_TASK GOAL_
Your job is to transcribe all the records that follow, excluding any pictures.

Excerpts from a dataset
[Start of section]

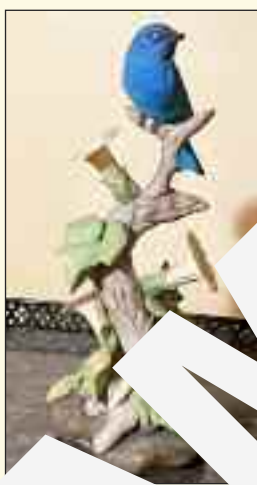
#545 Indigo Bunt Porcelain Eggs
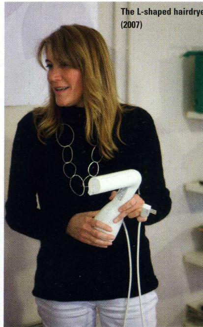
The L-shaped hairdryer (2007)
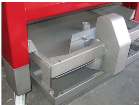
Dynamic trough for the reception of juices Rear view of press
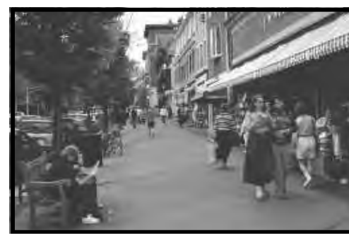
This streetscape image illustrates that inexpensive sidewalk materials such as concrete can still accommodate a pedestrian-friendly environment.
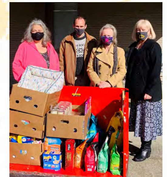
Members of the Campus & Community Involvement Committee delivered pet food collected for Meals on Wheels. Our 2020 food drives collected 255 lbs. of food for the Human Nutrition food pantry and 175 lbs. of pet food (along with blankets and toys)!

Story or content ideas? Contact a member of the Media & Communications Committee:
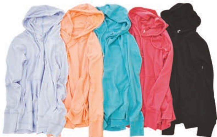
BLUE CRYSTAL CREAMSICLE AQUA TANGO RED ANTHRACITE
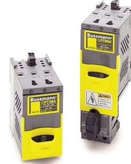
OPM-1038R and OPM-1038RSW
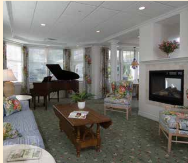
Perry Center Living Room
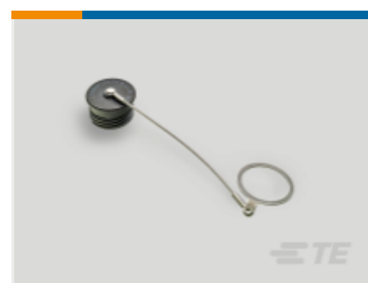
TE Part # YDTS32W19NV0010000 DUST COVER ASSEM
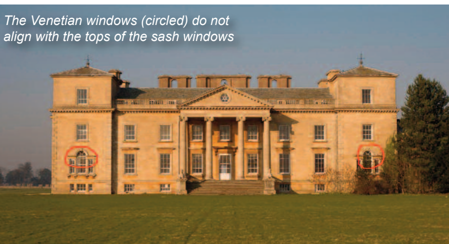
The Venetian windows (circled) do not align with the tops of the sash windows

up in her report, "There is something undeniably alluring about its picturesque charm, its imperfections and anomalies which make it seem both accessible and mysterious. These qualities seize the imagination, excite curiosity and inspire a remarkable sense of loyalty and commitment".
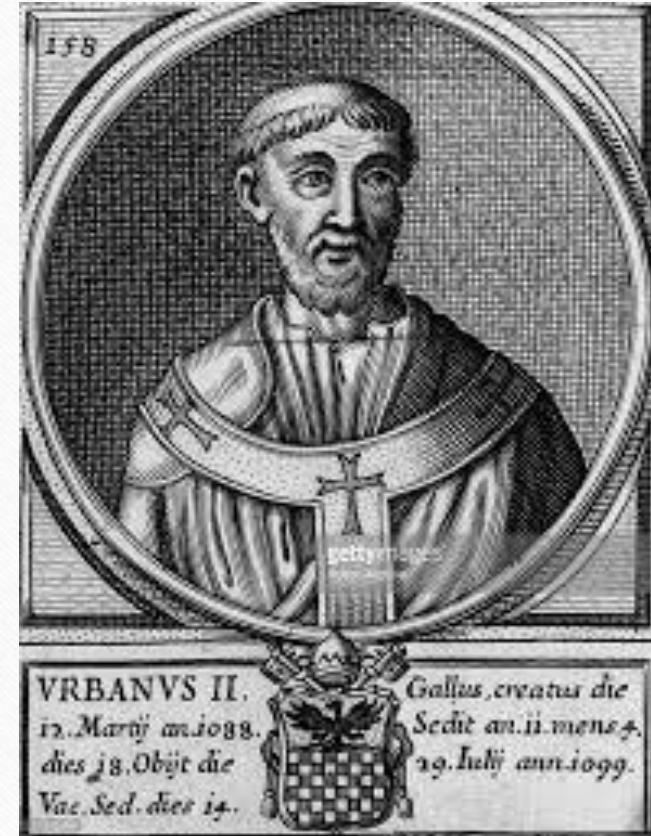
Pope Urban II
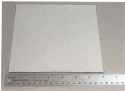
Photo Documentation – The product sample specimen is photographed immediately following specimen preparation and prior to initiating the conditioning period. Typically, the top and bottom faces of the specimen are photographed.
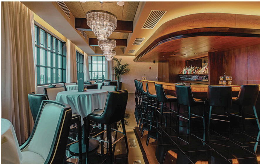
The Rose Lounge 22' 8" x 20' 1"

The perfect setting for a pre-function cocktail or registration area offering an inviting ambiance to complement your event in the Stone Crab Room.

[End of section]

_ANSWER FOR THE TASK_
#545 Indigo Bunt Porcelain Eggs
The L-shaped hairdryer (2007)
Dynamic trough for the reception of juices Rear view of press
This streetscape image illustrates that inexpensive sidewalk materials such as concrete can still accommodate a pedestrian-friendly environment.
Members of the Campus & Community Involvement Committee delivered pet food collected for Meals on Wheels. Our 2020 food drives collected 255 lbs. of food for the Human Nutrition food pantry and 175 lbs. of pet food (along with blankets and toys)!

Story or content ideas? Contact a member of the Media & Communications Committee:
BLUE CRYSTAL CREAMSICLE AQUA TANGO RED ANTHRACITE
OPM-1038R and OPM-1038RSW
Perry Center Living Room
TE Part # YDTS32W19NV0010000 DUST COVER ASSEM
The Venetian windows (circled) do not align with the tops of the sash windows

up in her report, "There is something undeniably alluring about its picturesque charm, its imperfections and anomalies which make it seem both accessible and mysterious. These qualities seize the imagination, excite curiosity and inspire a remarkable sense of loyalty and commitment".
Pope Urban II
Photo Documentation – The product sample specimen is photographed immediately following specimen preparation and prior to initiating the conditioning period. Typically, the top and bottom faces of the specimen are photographed.
The Rose Lounge 22' 8" x 20' 1"

The perfect setting for a pre-function cocktail or registration area offering an inviting ambiance to complement your event in the Stone Crab Room.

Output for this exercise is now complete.